■ **SUPPLIED MATERIAL**:
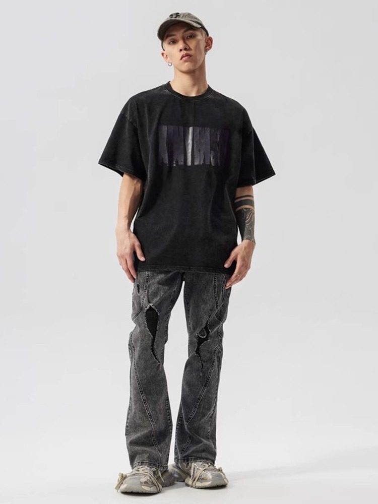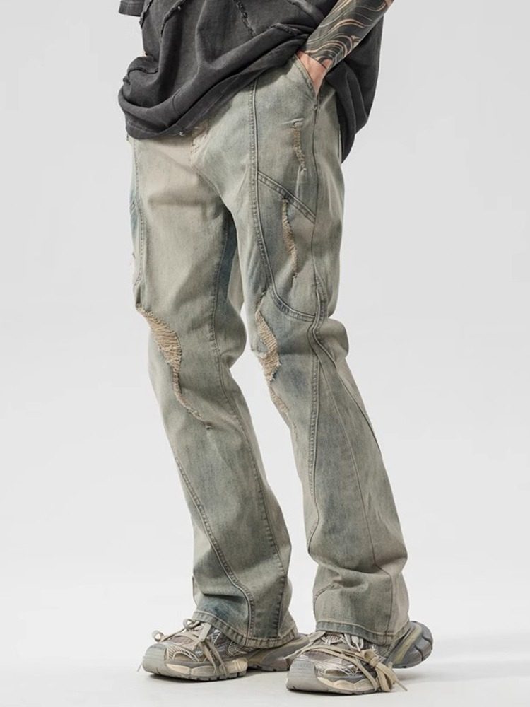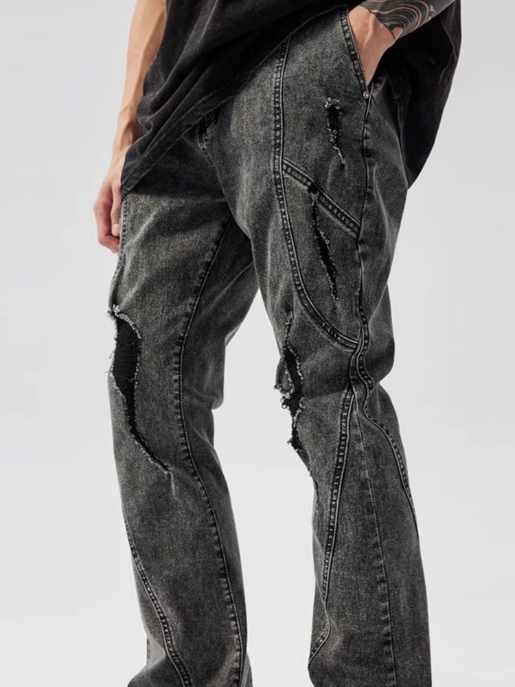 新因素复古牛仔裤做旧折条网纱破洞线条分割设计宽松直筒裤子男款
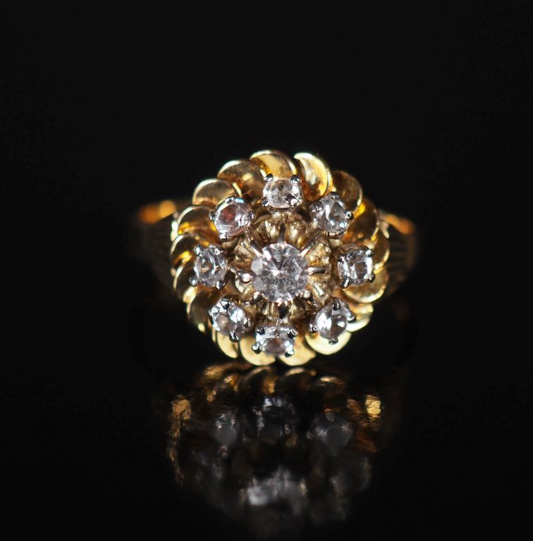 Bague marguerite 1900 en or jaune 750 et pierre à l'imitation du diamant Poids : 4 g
--
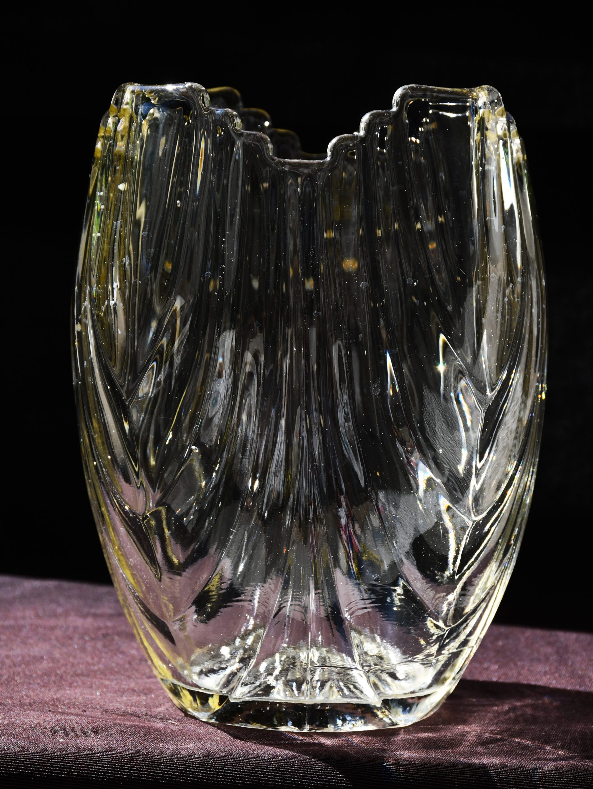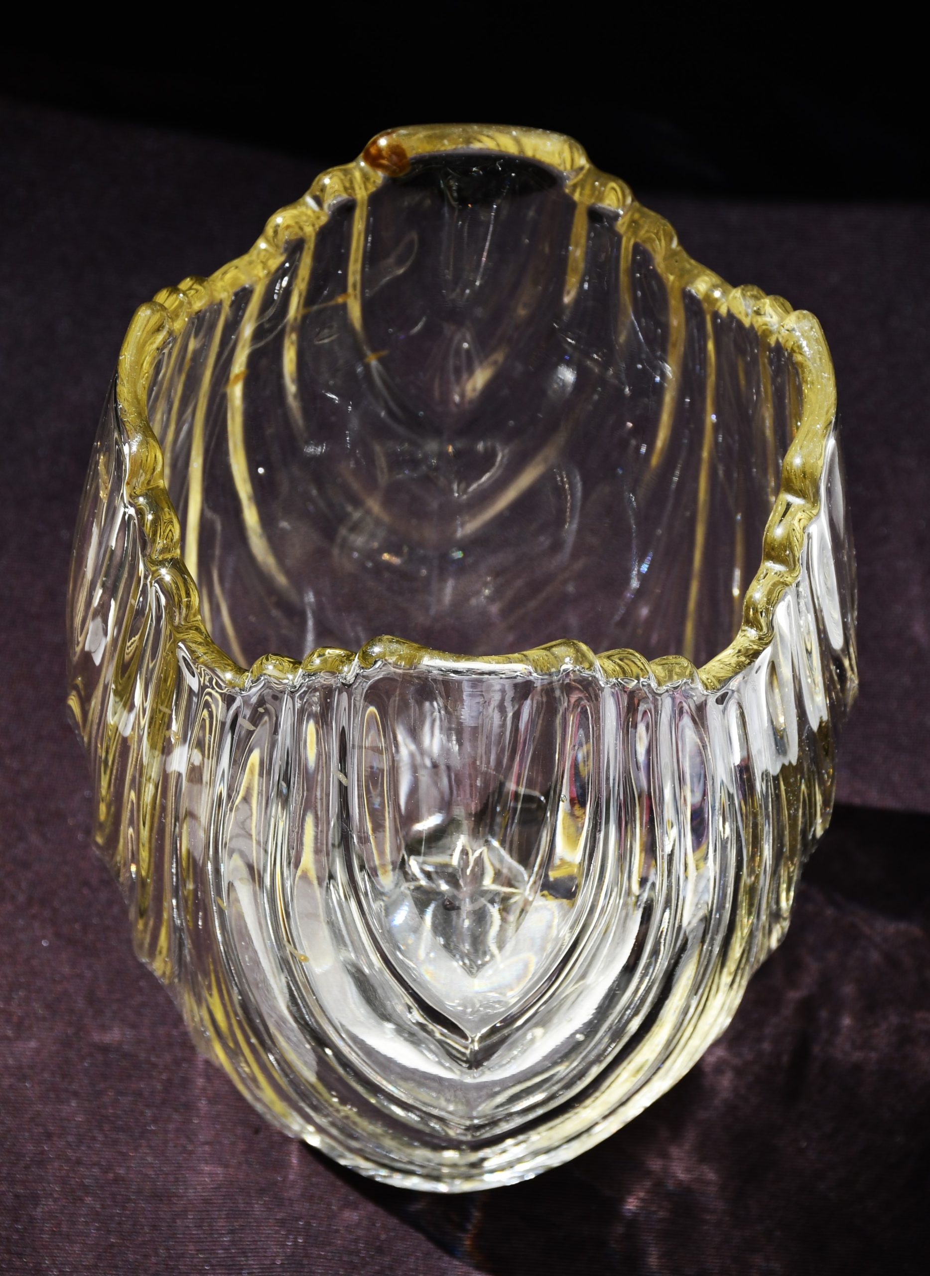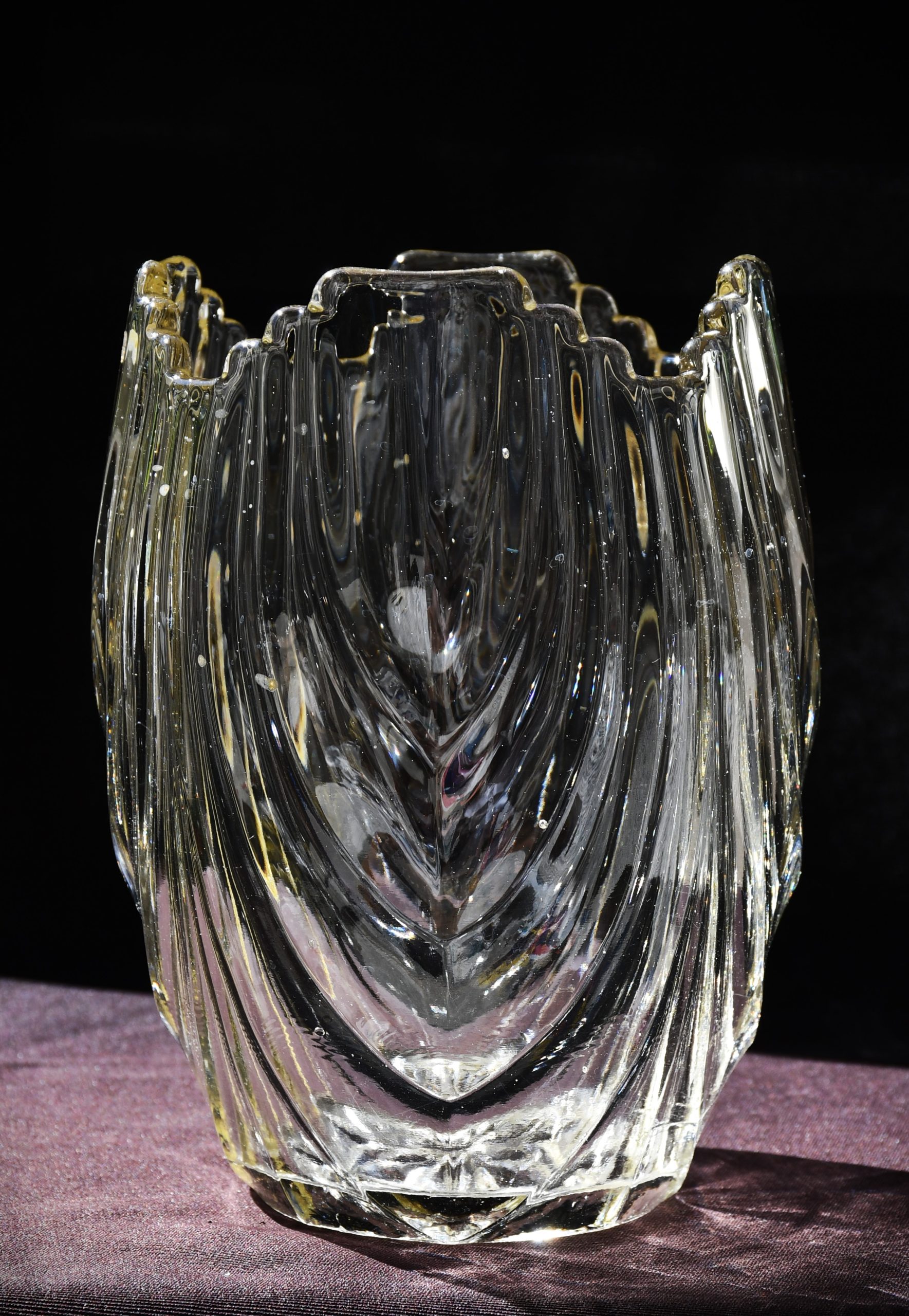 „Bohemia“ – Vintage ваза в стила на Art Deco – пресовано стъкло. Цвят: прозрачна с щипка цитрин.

■ **AIM OF THE TASK**: In the listing above, find the line with "新因素复古牛仔裤做旧折条网纱破洞线条分割设计宽松直筒裤子男款" and the line with "Bague marguerite 1900". Set down both and every line between them, minus the pictures.

■ **ANSWER FOR THIS EXERCISE**:
 新因素复古牛仔裤做旧折条网纱破洞线条分割设计宽松直筒裤子男款
 Bague marguerite 1900 en or jaune 750 et pierre à l'imitation du diamant Poids : 4 g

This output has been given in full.